The adaptive psychological changes of elective induction of labor in breastfeeding women

2017 
Abstract Background Labor induction has been associated with breastfeeding suppression, but reasons for why this association exists have not been well determined. Methods We examined the influence of elective labor induction by vaginal prostaglandin at gestational week 41 + 3  days on affective, cognitive, and behavioural adaptations early in puerperium and on breastfeeding pattern at 1 and 3 months. Results One hundred and eighty consecutive puerperae were assigned to two groups: mothers having received vaginal prostaglandin E2 gel (Prepidil®, dinoprostone) before labor (PGE group, n  = 90) and mothers having received no treatment (unmedicated group, n  = 90). The day of discharge mothers completed the Edinburg Postnatal Depression Scale, (EPDS), State and Trait Anxiety Inventory (STAI-Y), and Mother to-Infant Bonding Scale (MIBS). Later they participated in telephone interviews concerning their breastfeeding practices at 1 and 3 months, which were classified according to WHO definitions.
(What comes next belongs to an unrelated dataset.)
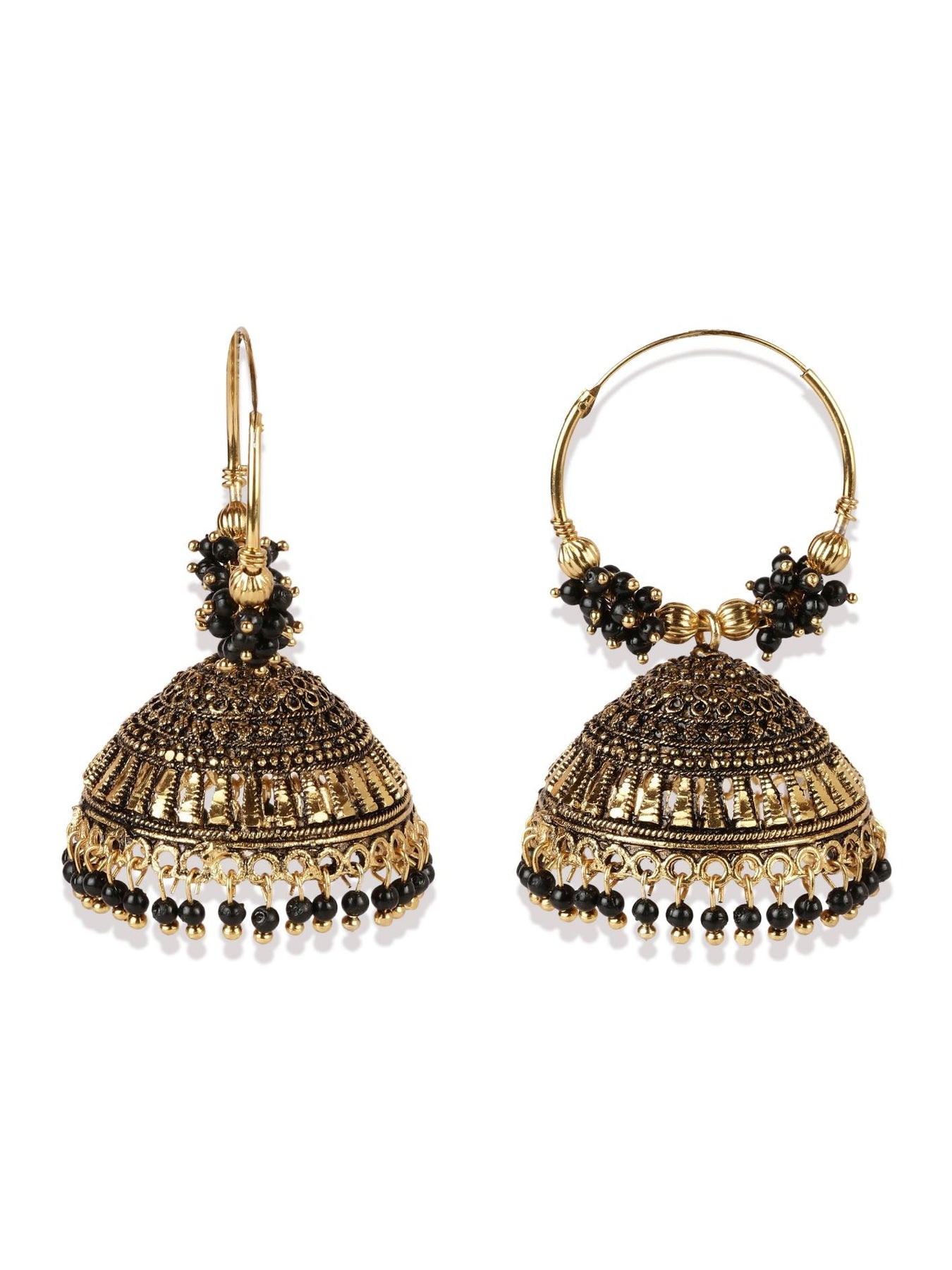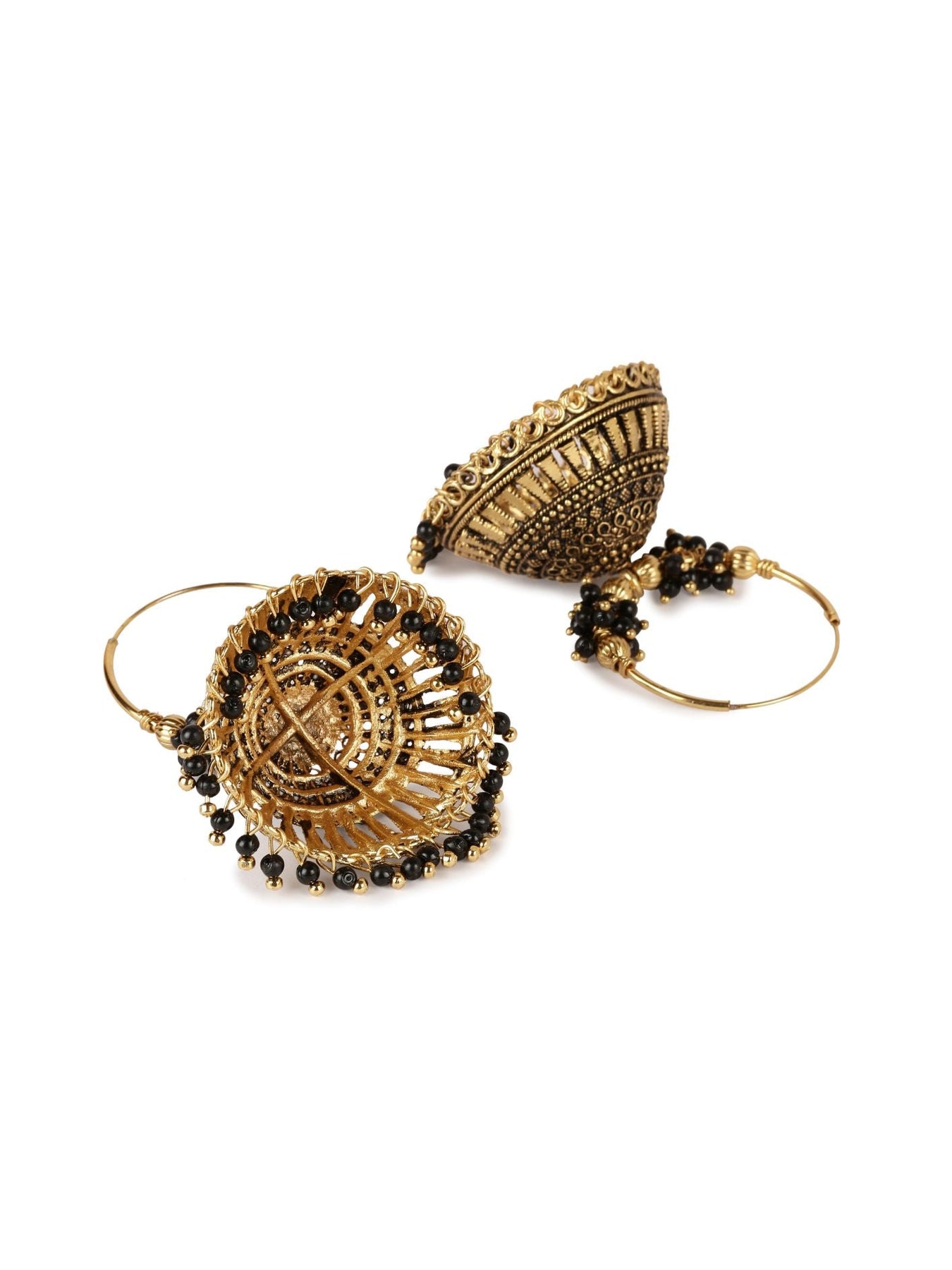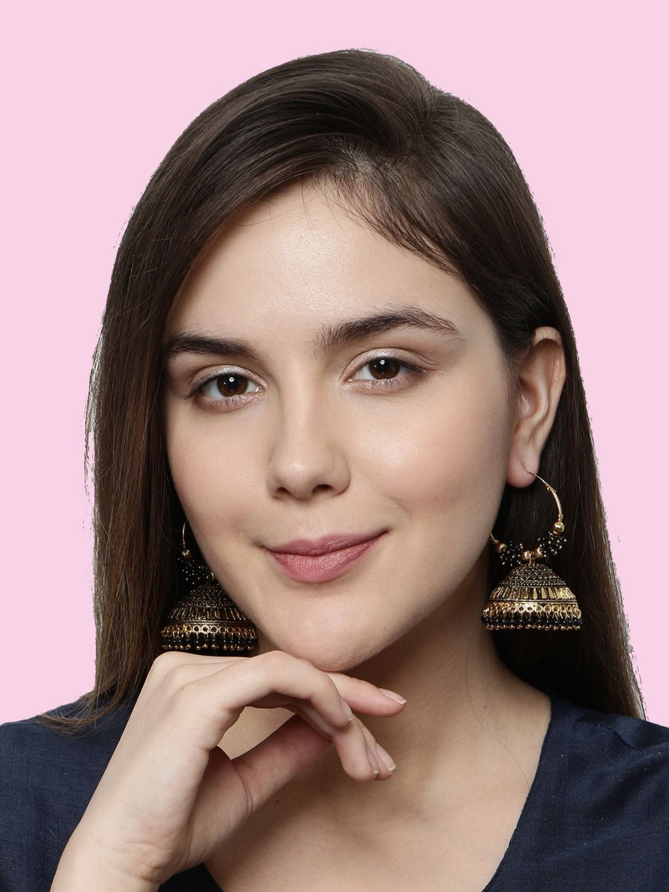 Women's Black & Gold-Plated Enamelled Dome Shaped Jhumkas

When compared with unmedicated, PGE group puerperae scored [median, (IQR)] significantly higher EPDS [9 (7–13) vs 5 (3–8), p 0.003], STAI-state [46 (39–51) vs 39 (34–48), p 0.002], STAI-trait [39 (36–48) vs 34 (32–45), p 0.04], and MIBS [10 (5.25–10) vs 5 (3–4), p 0.002] scores. In addition, while the breastfeeding practices were similar at hospital discharge, at follow-up the labor induced mothers were less likely to maintain full breastfeeding with respect to untreated mothers: 1 month (p 0.001); and 3 months (p 0.003). Conclusion We present evidence that elective induction of labor by prostaglandins at gestational week 41 + 3  days is associated with reduced exclusive breastfeeding rates at 1 and 3 months after discharge and higher EPDS, STAI, and MIBS scores.